For a day when few fish were headed upstream, an intern might
take 45 minutes to fast forward through 24 hours worth of tape. But
when masses of salmon fill the screen it takes as long as 10 hours
— working through some sections of tape frame by frame — to
complete the day’s count.
White said that there has been a trend up and down the Northern
California coast toward very large salmon returns.
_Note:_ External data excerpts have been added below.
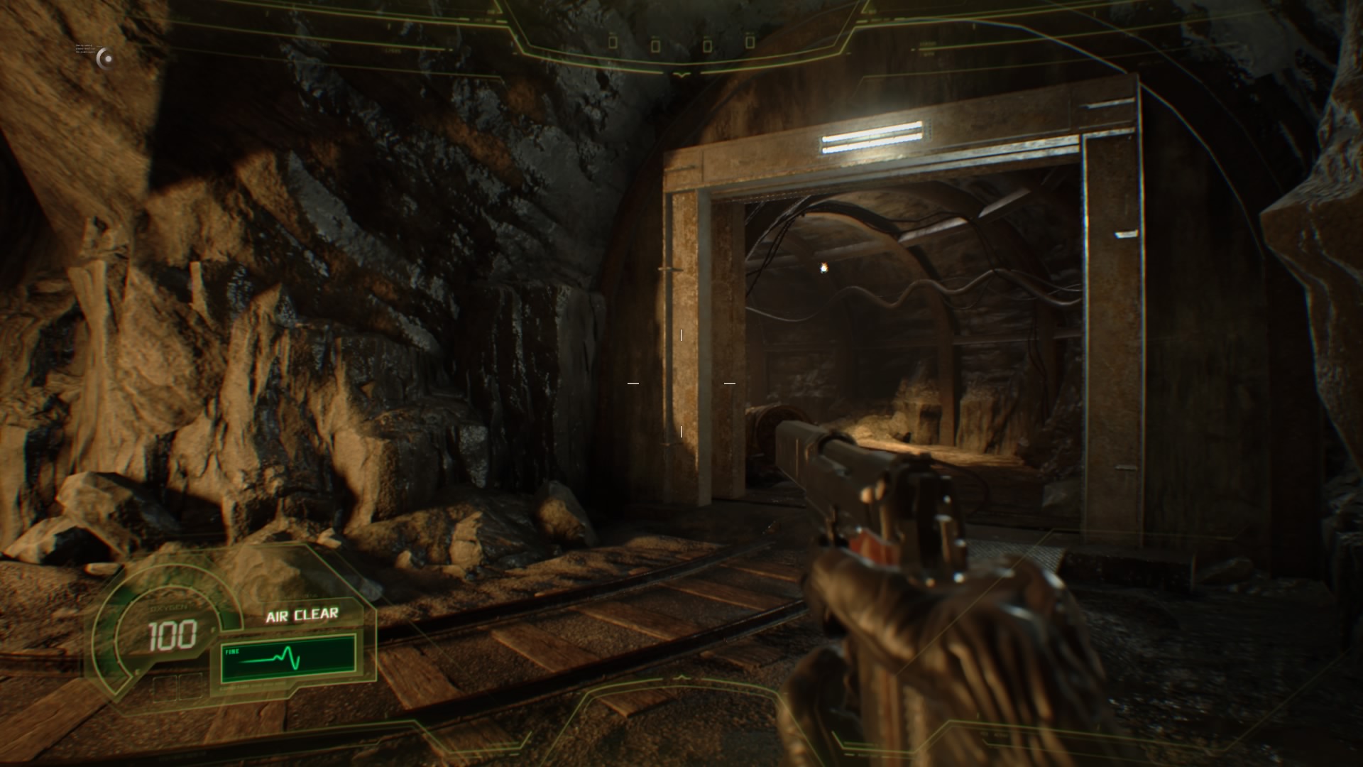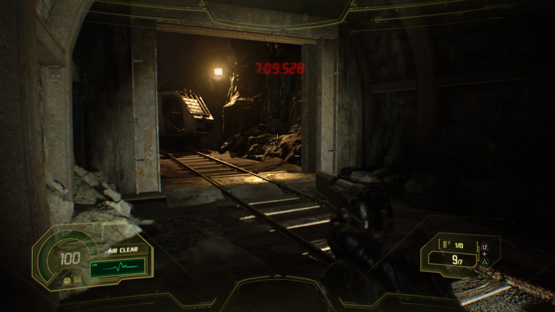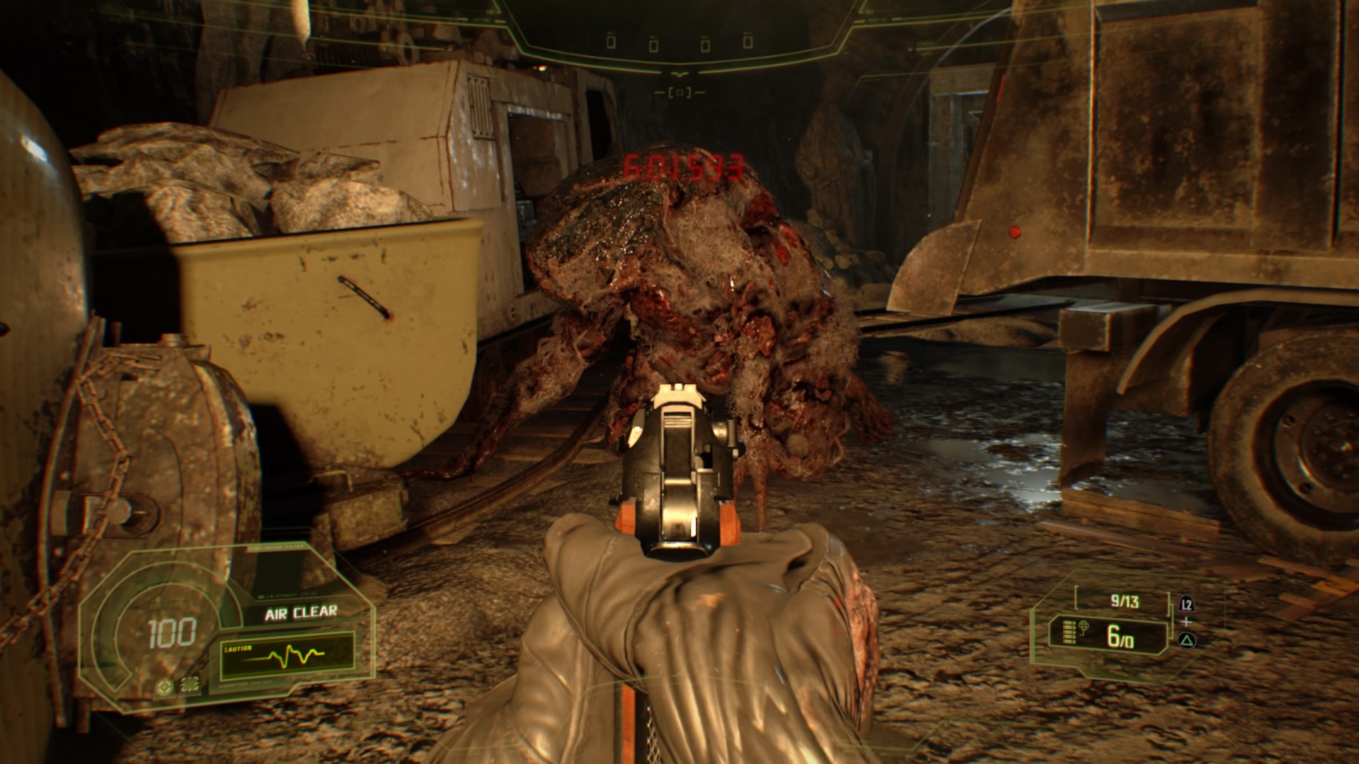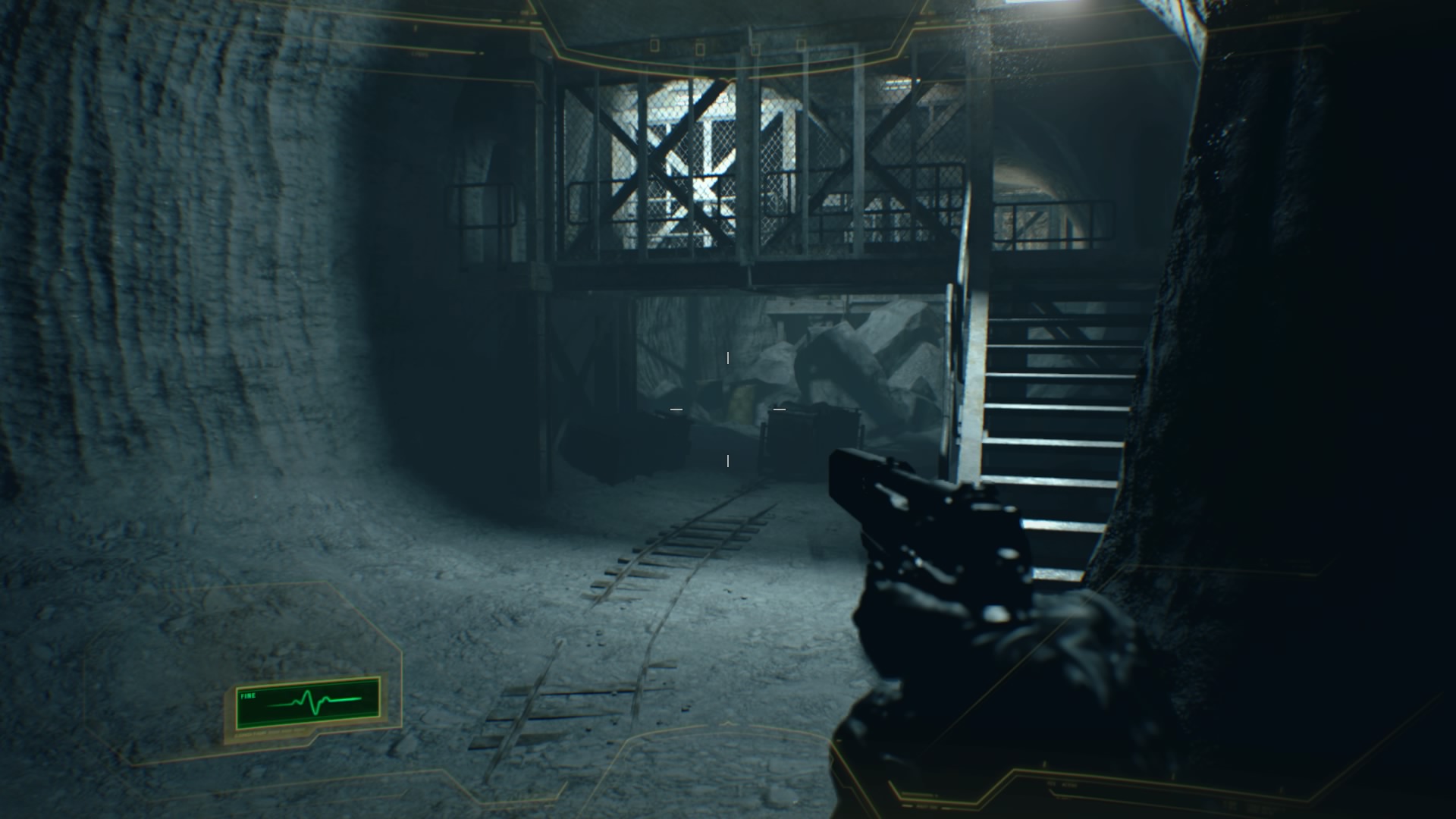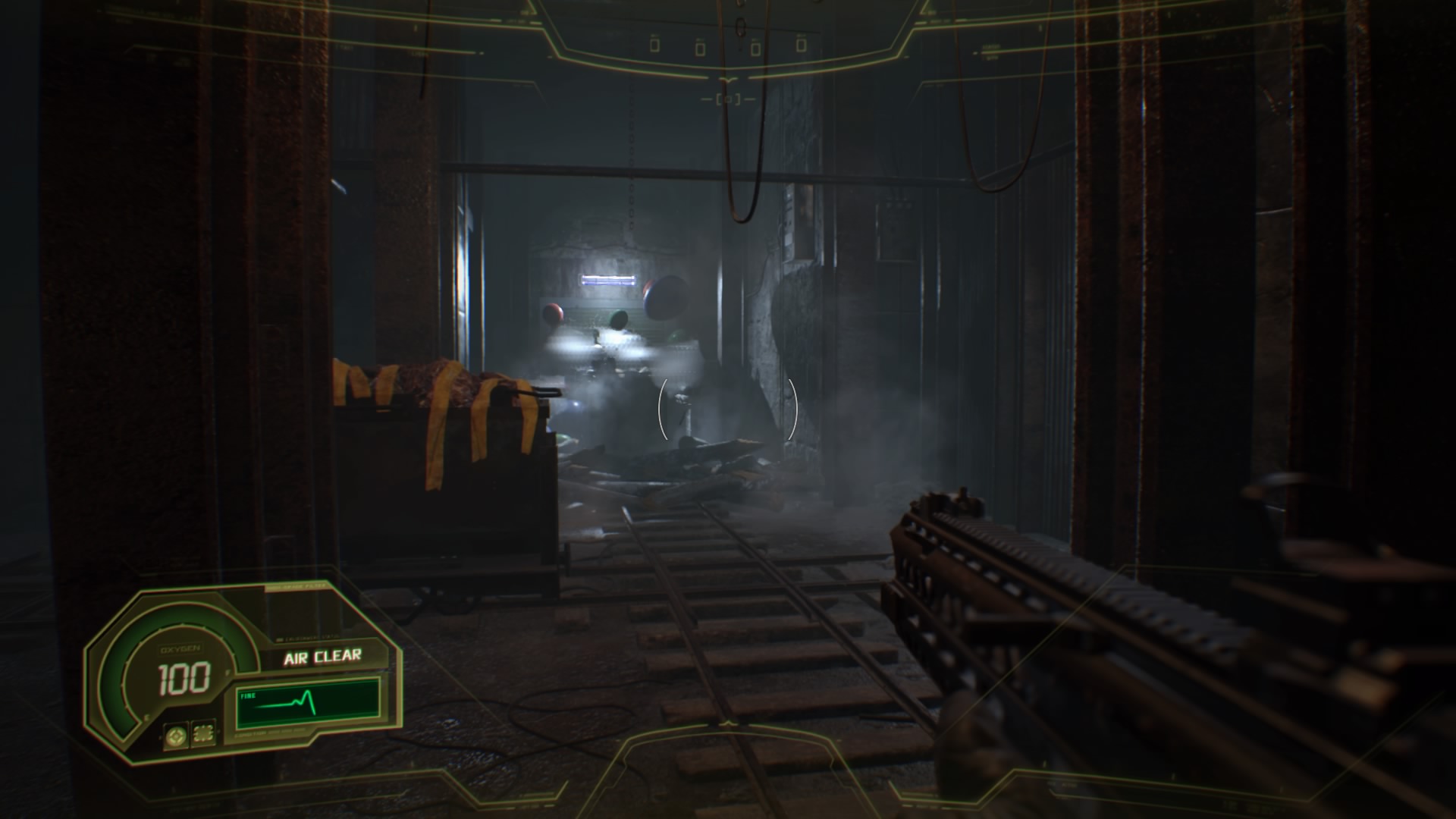 Duck under the laser tripwire in the passage, then slip between the two. After that, there’s a regular tripwire before the door. Duck under it and use the button to open the shutter. On the cart tracks, equip the shotgun and push the cart to break through the wooden barrier – a Fat Suicide Molded will spawn.
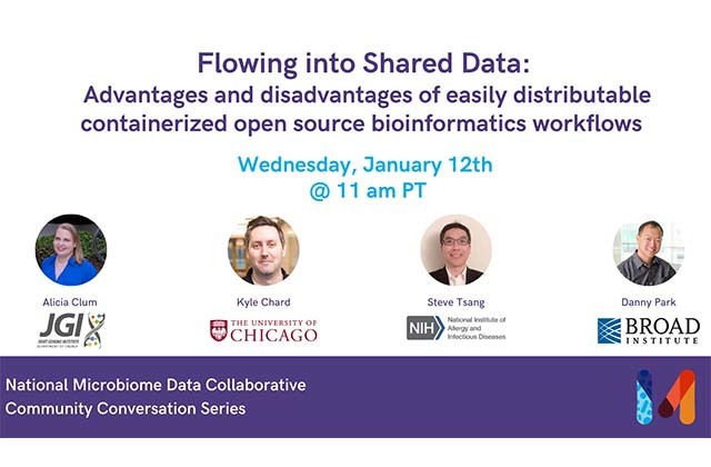 The NMDC’s January Community Conversation, scheduled for Jan. 12, is focused on how and why to use open source containerized bioinformatics workflows in microbiome research. The lineup of panelists promises an involved and lively discussion. https://lbnl.zoom.us/meeting/register/tJYodOmvpjwiGtEnjGwafOfnZ5BHcQoUBppr
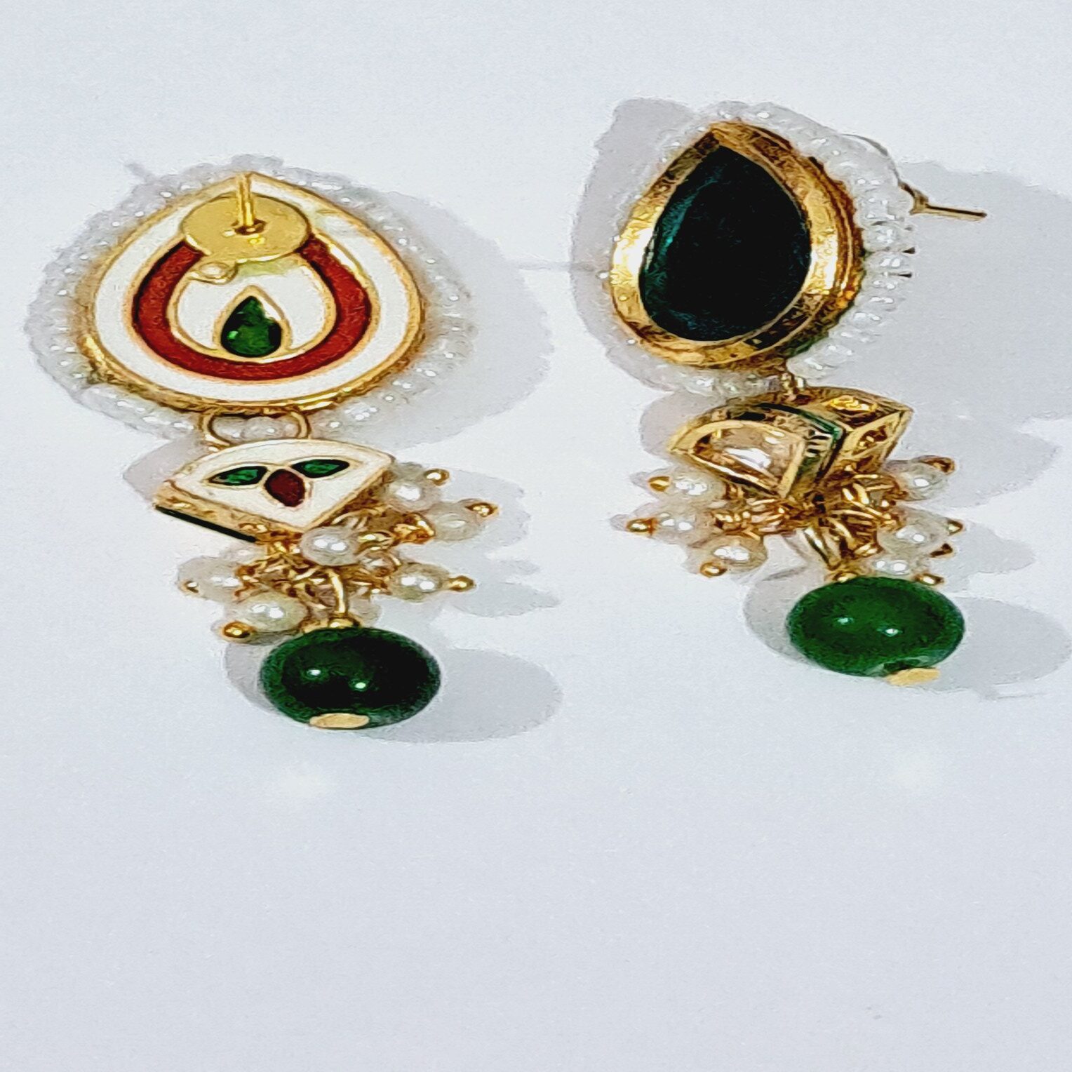 Add a touch of sophistication to your ethnic attire with these intricately designed Kundan earrings. Featuring a teardrop shape adorned with colorful enamel work, green beads, and delicate pearl accents, these earrings are perfect for weddings, festivals, and special occasions. Handmade with premium-quality materials, these earrings exude timeless charm and elegance.

A cycle seems to
prevail in which there will be a decade or two of strong runs in
Alaska and British Columbia followed by strong runs further south.
“There seems to be good ocean survival in our part of the ocean
now,” White said. “That’s good news.”
But the specialists at the Water Agency are making no
predictions. “Every year we think we’re getting a handle on what’s
happening and then the next year they do something different,” said
Chase. “Fish don’t tend to read textbooks.”
Chase said the Agency has been following the present salmon
migration with great care after the water flow from Lake Mendocino
was cut back. the biologists were especially concerned following
the premature death of several thousand migrating salmon in the
Klamath river several weeks ago. “We were snorkeling at least twice
a week to check on the fish’s welfare,” said Chase.
Using GPS technology, they have also been mapping the location
of the chinooks’ redds — the spawning nests salmon create in the
rocky stream bed. Most of the spawning is upstream from
Healdsburg’s Memorial Dam. Many spawning fish have been sighted
near Cloverdale.
The migrating salmon appear to be very healthy, Chase said. Most
of the spawning is expected to be complete by mid-December.